Ransom makes a face. “And there’s probably no fast food this far out either. Which sucks, because I could murder a fucking cheeseburger right now.”
“Stop complaining,” Malice snaps.
Ransom throws a granola bar at him, and Malice plucks it from the air easily before it hits him. He doesn’t eat it though, just shoves it in his back pocket and goes back to his pacing.
I drop into a chair at the kitchen table, bouncing my leg and trying not to let the crawling feeling of anxiety get too bad. What’s done is done, after all. It’s not like we can go back and undo it.
Especially considering that picture of Troy’s body. Malice was right. There’s no one for me to marry to make amends now.
Vic’s laptop pings after an hour or so, and then there’s another wait as he decrypts that message as well. He turns the laptop so we can all see it, and there’s another picture right at the top.
At first, it’s hard to make out.
Something is burning, the flames bright, and the air thick with smoke. Whatever the building is—was—it’s being reduced to ashes now, the walls black and charred.
I’m confused for a second, but then I recognize the area, and I gasp sharply as it hits me.
It’s the guys’ warehouse. Their home. It’s burning to the ground.
Vic scrolls down to the message that goes with the photo, and Olivia has thrown his words right back at him, telling him he and his brothers should be careful who they start a war with.
Little slights can turn into grudges, and it doesn’t take much to fan the flames, she adds at the end.
I frown, turning that over in my head. What the guys did here couldn’t be considered a little slight. Not really. So clearly she’s talking about something else.
“The Donovans,” Vic murmurs before I can ask. “She got them to burn our place down.”
“What the fuck?” Malice scowls. “Why the fuck would they do that?”
“‘It doesn’t take much to fan the flames,’” Vic reads out loud.
“She probably offered them a good payday to take care of her dirty work for her.
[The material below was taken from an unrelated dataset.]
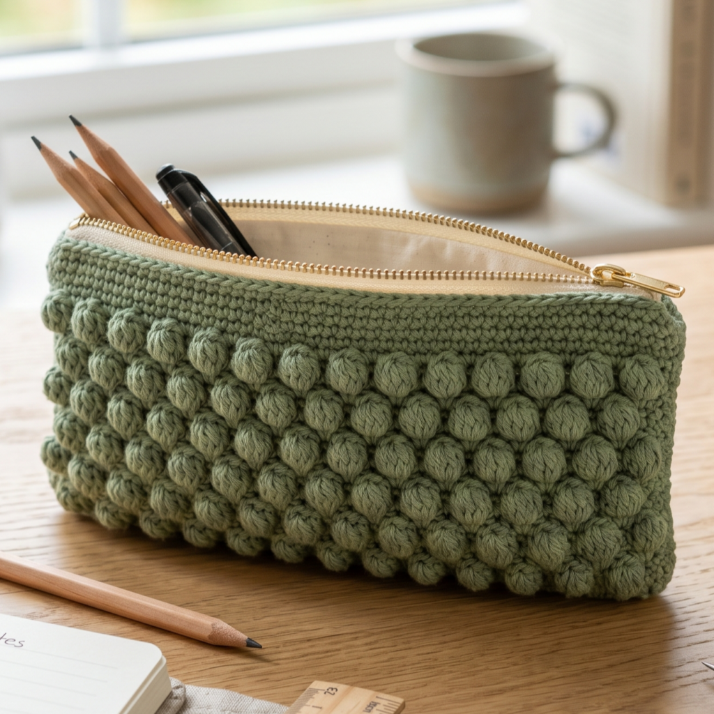 A bobble stitch pencil pouch is playful, textured, and full of personality. The raised bobble texture makes the pouch feel fun and tactile, while the compact shape keeps it practical for everyday use. This is a great beginner project if you want something that looks more detailed without being too difficult.
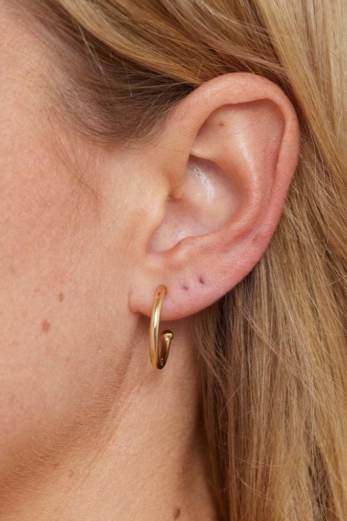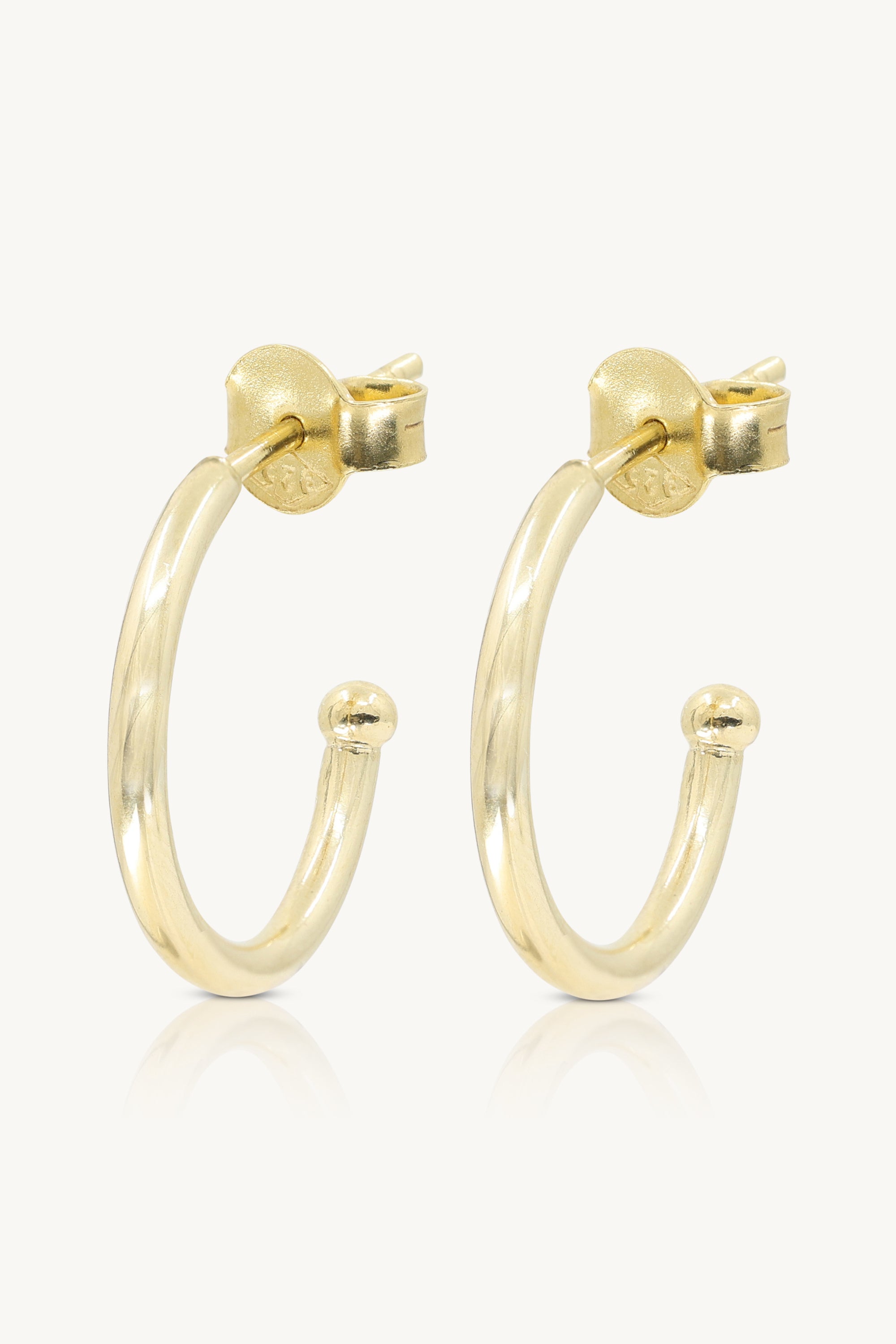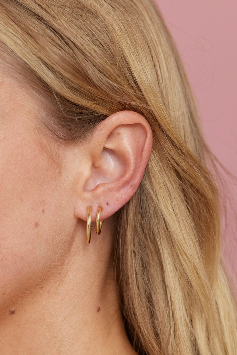 Our Polished Gold Hoops are designed to be layered and worn with our collection of earring charms. A stud backed hoop, these are designed in two sizes with a high polished finish.

She knows enough about our business in Detroit to know that they’ve had a grudge against us, and she took advantage of that to recruit them for this job.
They were already pissed at us, so it probably didn’t take much. ”
“I can’t believe she’d do this,” I say, my throat going so tight that it’s hard to breathe. “That was your home. That was… she’s trying to take everything away.”
I glance around as I speak, expecting to see anguish and fury on the three faces around me.
But although all of the men look grim, their expressions haven’t changed much from before we opened X’s latest message.
They’re clearly pissed, but they’ve been pissed since the beginning.
Olivia wanted this to be a personal attack, but they aren’t rising to the bait like I would have thought.
“Don’t you care?” I ask them. “She burned down your home. How can you be okay with this?”
Ransom shrugs, and when I blink at him in shock, he comes over and wraps an arm around me, trailing his fingers down the line of my jaw.
“We do care, angel,” he says. “It’s just that we expected this.
Maybe not this exact scenario, but something like it.
We may have left the warehouse in one piece when we headed out this morning, but we knew we were torching our old life.
First, we thought we were all running away together, and then we had to literally go snatch you from your wedding. We knew we could never go back there.”
He says it so calmly, like it’s no big deal, but that’s so far from the truth.
It’s a huge deal, and the enormity of it hits me in a tender place.
The three of them were willing to give up everything. Their home, their livelihood, their foothold in the city, all of it. For me. And they did it willingly. I never asked them to, and I couldn’t have ever even made myself think of asking, but they did it.
Maybe Malice is right. I can’t protect them by trying to run off and make deals behind their backs. But I can do my damnedest to protect them now, by staying by their sides and seeing this through.
“Okay,” I say, determination rising in me. “Then what’s our plan from here?”